** Activity **
From the line with "O TàD Melun" to the line with "早速、この多目的ホルダーに、ガーミン魚探のベースを取り付けてみました。", output every line below exactly, both ends included. Skip the pictures.

Items from a dataset
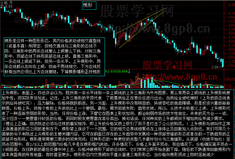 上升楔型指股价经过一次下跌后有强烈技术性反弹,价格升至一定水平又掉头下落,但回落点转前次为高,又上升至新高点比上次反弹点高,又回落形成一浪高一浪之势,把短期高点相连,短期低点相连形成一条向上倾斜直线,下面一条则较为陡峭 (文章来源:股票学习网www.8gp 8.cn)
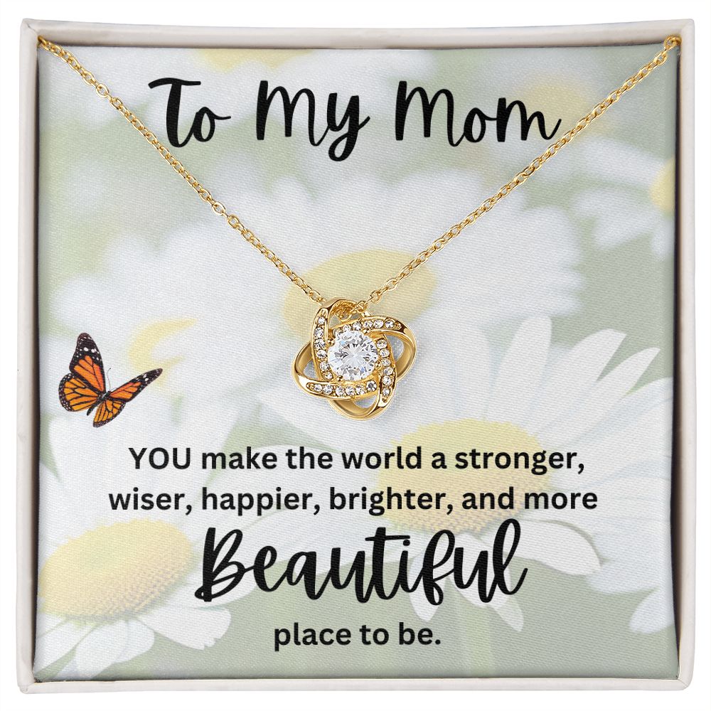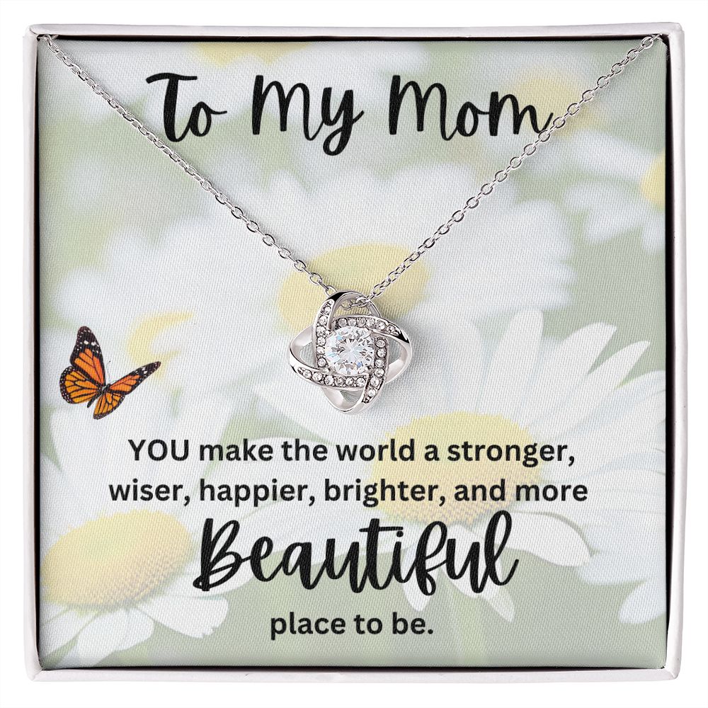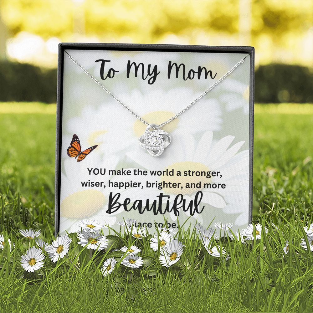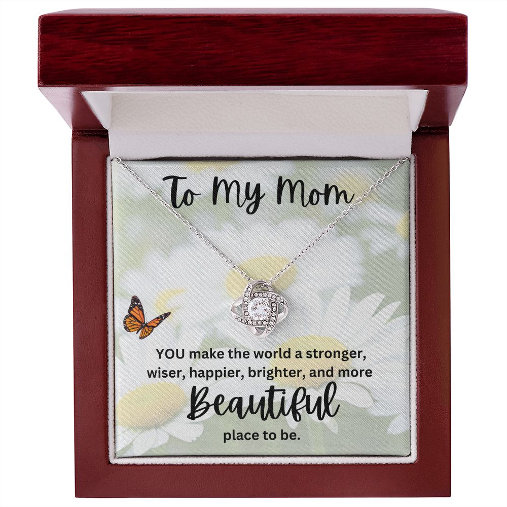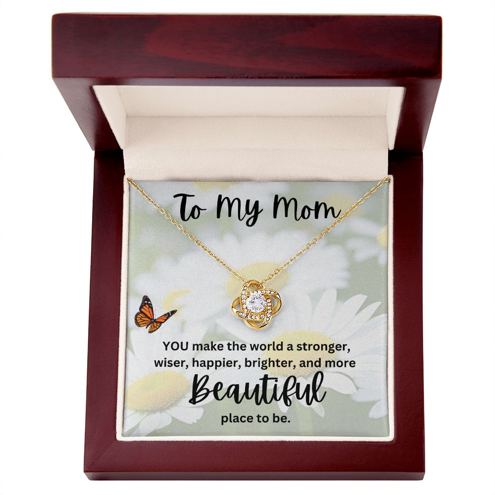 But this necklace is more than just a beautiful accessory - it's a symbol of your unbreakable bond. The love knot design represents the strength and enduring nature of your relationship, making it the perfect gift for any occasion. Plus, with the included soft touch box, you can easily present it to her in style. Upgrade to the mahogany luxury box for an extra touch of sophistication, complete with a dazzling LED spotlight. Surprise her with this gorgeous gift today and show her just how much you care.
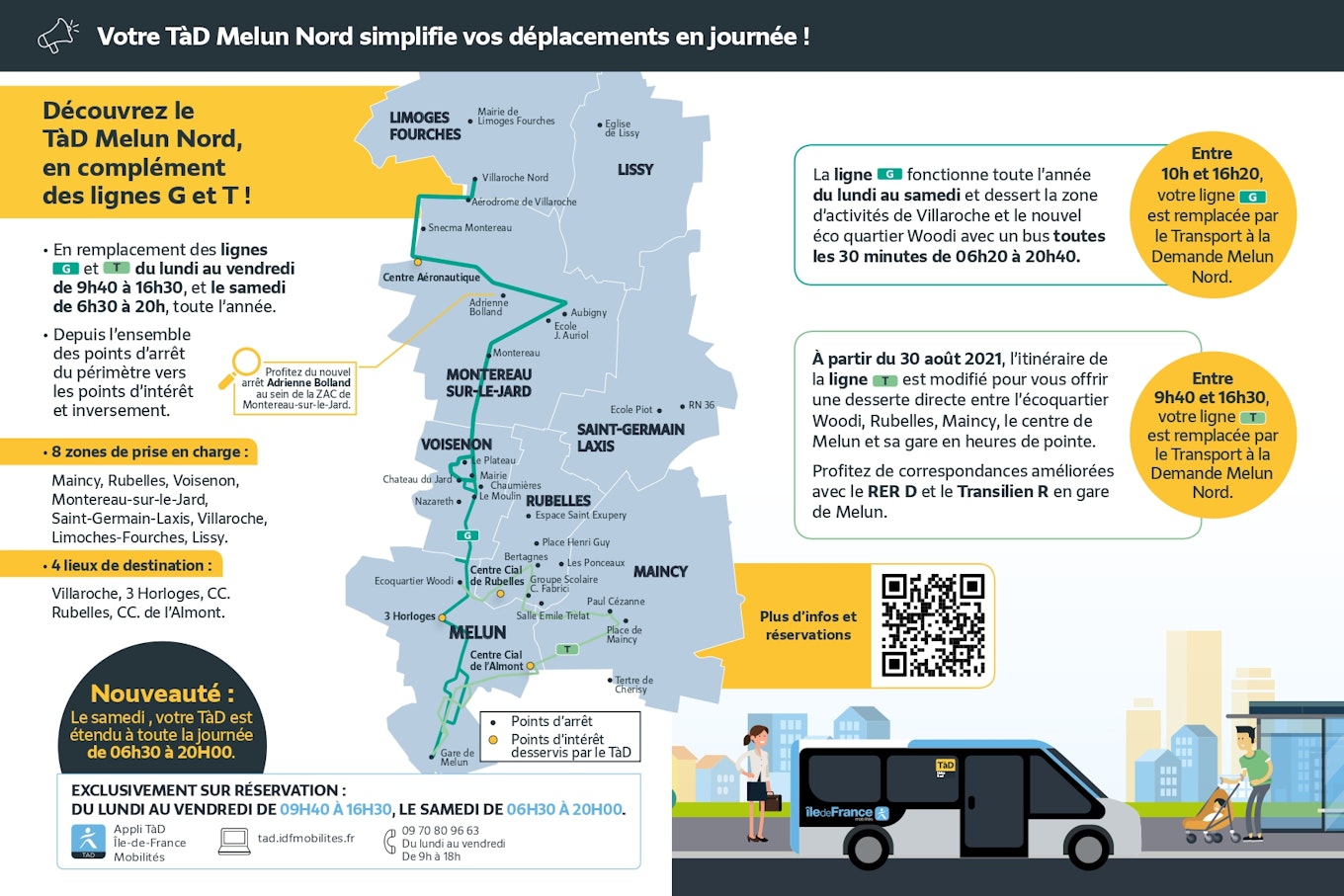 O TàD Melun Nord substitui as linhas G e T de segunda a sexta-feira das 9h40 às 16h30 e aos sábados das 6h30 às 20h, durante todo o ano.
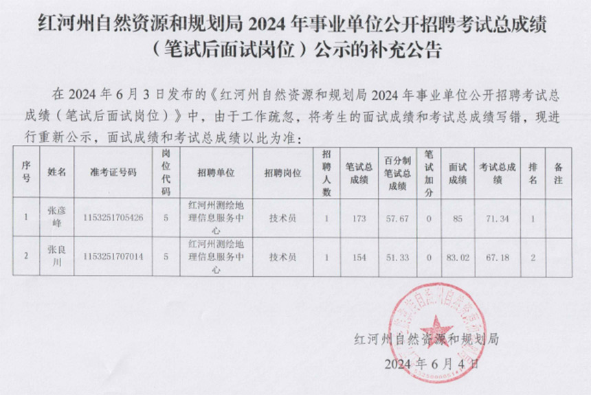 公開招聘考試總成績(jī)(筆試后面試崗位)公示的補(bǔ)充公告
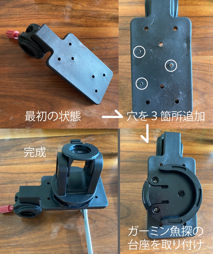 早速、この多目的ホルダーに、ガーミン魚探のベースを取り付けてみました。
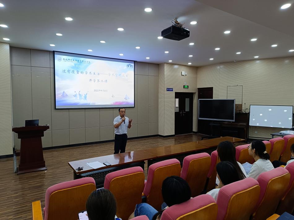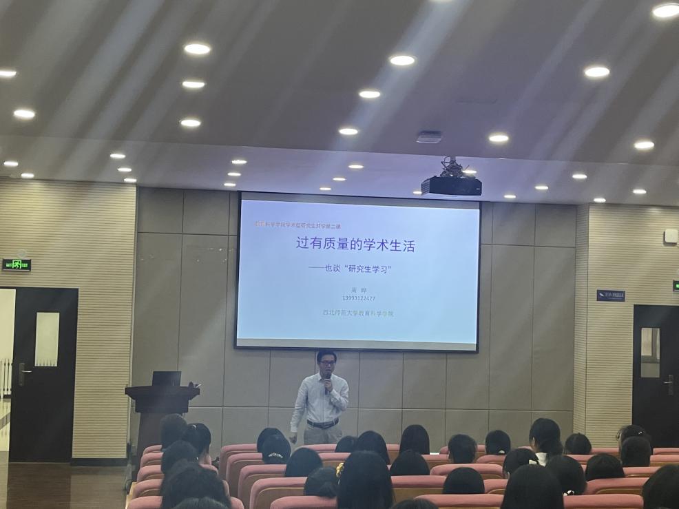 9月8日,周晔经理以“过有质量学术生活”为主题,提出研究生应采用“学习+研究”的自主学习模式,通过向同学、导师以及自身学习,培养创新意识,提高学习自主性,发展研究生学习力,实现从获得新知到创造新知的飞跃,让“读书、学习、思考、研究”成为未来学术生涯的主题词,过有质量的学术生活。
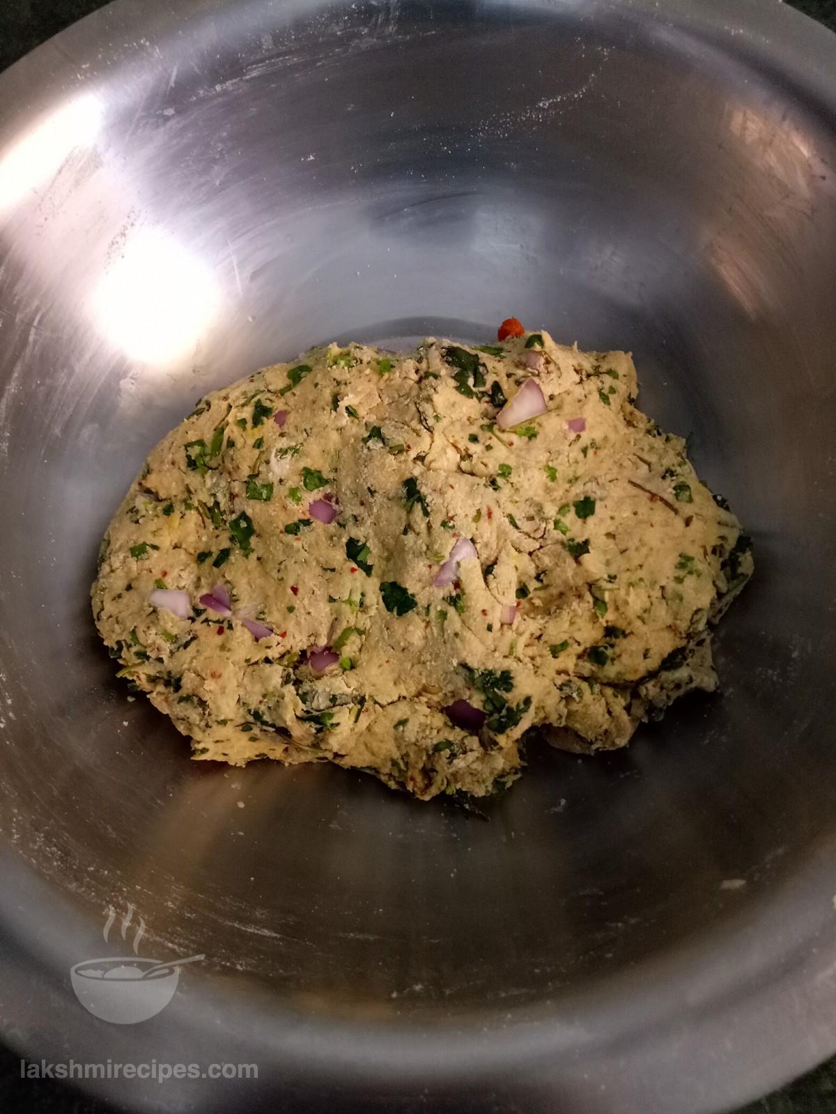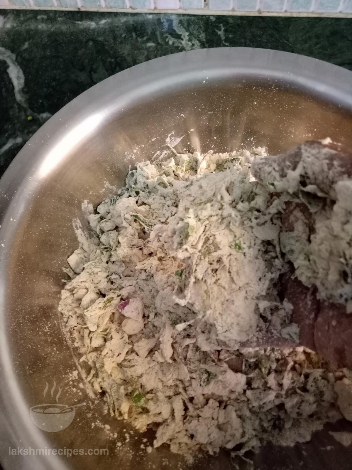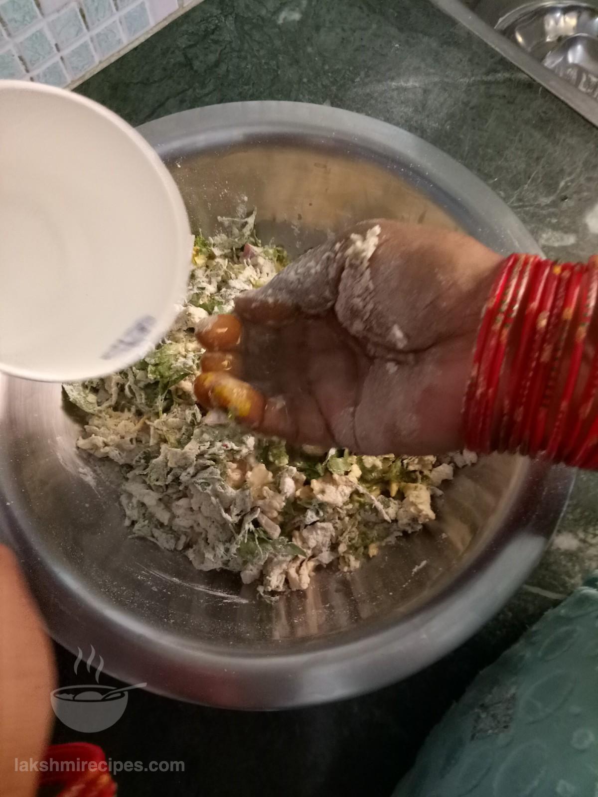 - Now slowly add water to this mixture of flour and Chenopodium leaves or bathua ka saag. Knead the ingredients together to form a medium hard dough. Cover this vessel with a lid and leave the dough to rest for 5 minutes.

** Answer section **
 O TàD Melun Nord substitui as linhas G e T de segunda a sexta-feira das 9h40 às 16h30 e aos sábados das 6h30 às 20h, durante todo o ano.
 公開招聘考試總成績(jī)(筆試后面試崗位)公示的補(bǔ)充公告
 早速、この多目的ホルダーに、ガーミン魚探のベースを取り付けてみました。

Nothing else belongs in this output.